Why does the higher order derivative test work?
I'm an AP Calculus BC student, so all I know about derivatives is the increasing/decreasing/ relative max/min function relation with first derivative (first derivative test), concavity (second derivative test). I showed that you can create a third derivative test to my teacher (by showing that if the critical numbers of the second derivative = 0, and if the third derivative is non-zero, then it must be a point of inflection as the function is either increasing or decreasing on the second derivative graph), and he said it was right and to think about derivatives at higher orders like x^5 only has a derivative at x = 0 with the fifth derivative).
When i googled it, i found the higher order derivative test. Is there a logical explanation for why this test works? I dont understand why if n-1 derivatives = 0 and the nth is non-zero, you can find max/mins/inflection points.
One way to understand how the test works is by looking at the Taylor Series of the function $f(x)$ centered around the critical point, $x = c$:
$$ f(x) = f(c) + f'(c)(x-c) + \frac{f''(c)}{2}(x-c)^2 + \cdots $$
Note: In your question you said that the n-th derivative is non-zero.
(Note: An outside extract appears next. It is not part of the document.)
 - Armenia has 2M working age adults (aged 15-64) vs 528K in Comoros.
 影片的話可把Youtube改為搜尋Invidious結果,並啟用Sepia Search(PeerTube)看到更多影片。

Here I'm assuming the n+1-st derivative is the first to be non-zero at $x=c$. It doesn't make a difference, it's just the way I learned it.
If $f'(c) = \cdots = f^{(n)}(c) = 0$ and $f^{(n+1)} \ne 0$, then the Taylor Series ends up looking like this:
$$ f(x) = f(c) + \frac{f^{(n+1)}(c)}{(n+1)!}(x-c)^{n+1} + \frac{f^{(n+2)}(c)}{(n+2)!}(x-c)^{n+2} + \cdots $$
Consider what happens when you move $f(c)$ to the other side of the equation:
$$ f(x) - f(c) = \frac{f^{(n+1)}(c)}{(n+1)!}(x-c)^{n+1} + \frac{f^{(n+2)}(c)}{(n+2)!}(x-c)^{n+2} + \cdots $$
What does $f(x) - f(c)$ mean?
- If $f(x) - f(c) = 0$, then $f(x)$ has the same value as it does at $x = c$.
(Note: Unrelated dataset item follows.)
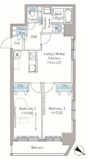 | 間取り | 2LDK | 専有面積 | 57.03m2 |
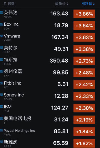 美國科技股多數上漲,其中漲幅較大的公司包括:英偉達(漲 3.86%)、Box(漲 3.64%)、VMware(漲 3.63%)、英特爾(漲 3.38%)、特斯拉(漲 2.73%)、德州儀器(漲 2.48%)、Fitbit(漲 2.42%)、Sonos(漲 2.33%)、IBM(漲 2.30%)、AT&T(漲 2.19%)。

- If $f(x) - f(c) < 0$, then $f(x)$ has a value less than it has at $x = c$.
- If $f(x) - f(c) > 0$, then $f(x)$ has a value greater than it has at $x = c$.
We expect $f(x) - f(c) = 0$ at $x = c$ (the equation reflects this), but we're more interested in what it does on either side of $x = c$. When $x$ is really close to $c$, i.e. $(x-c)$ is a really small number, we can say:
$$ f(x) - f(c) \approx \frac{f^{(n+1)}(c)}{(n+1)!}(x-c)^{n+1} $$
because the higher powers of a small number "don't matter" as much.
Concerning local extrema
If $n$ is odd, then our approximation of $f(x) - f(c)$ is an even-power polynomial. That means $f(x)$ has the same behavior - is either less than or greater than $f(c)$ - on both sides of $x = c$. Therefore it's a local extreme. If $f^{(n+1)}(c) > 0$, then $f(x)$ is greater than $f(c)$ on both sides of $x = c$. Otherwise, if $f^{(n+1)}(c) < 0$, then $f(x)$ is less than $f(c)$ on both sides of $x = c$
If, on the other hand, $n$ is even, then our approximation of $f(x) - f(c)$ is an odd-power polynomial centered around $x = c$. Therefore $f(x)$ will be greater than $f(c)$ on one side of $x = c$, and less on the other. That means $x = c$ isn't a local extreme.
Concerning saddle points
Note that if you differentiate both sides of our approximation twice, you get:
$$ f''(x) \approx \frac{f^{(n+1)}(c)}{(n-1)!}(x-c)^{n-1} $$
If $n$ is even, this is another odd-power polynomial centered around $x = c$. It therefore has opposite behavior on each side of $x = c$, giving you a saddle point.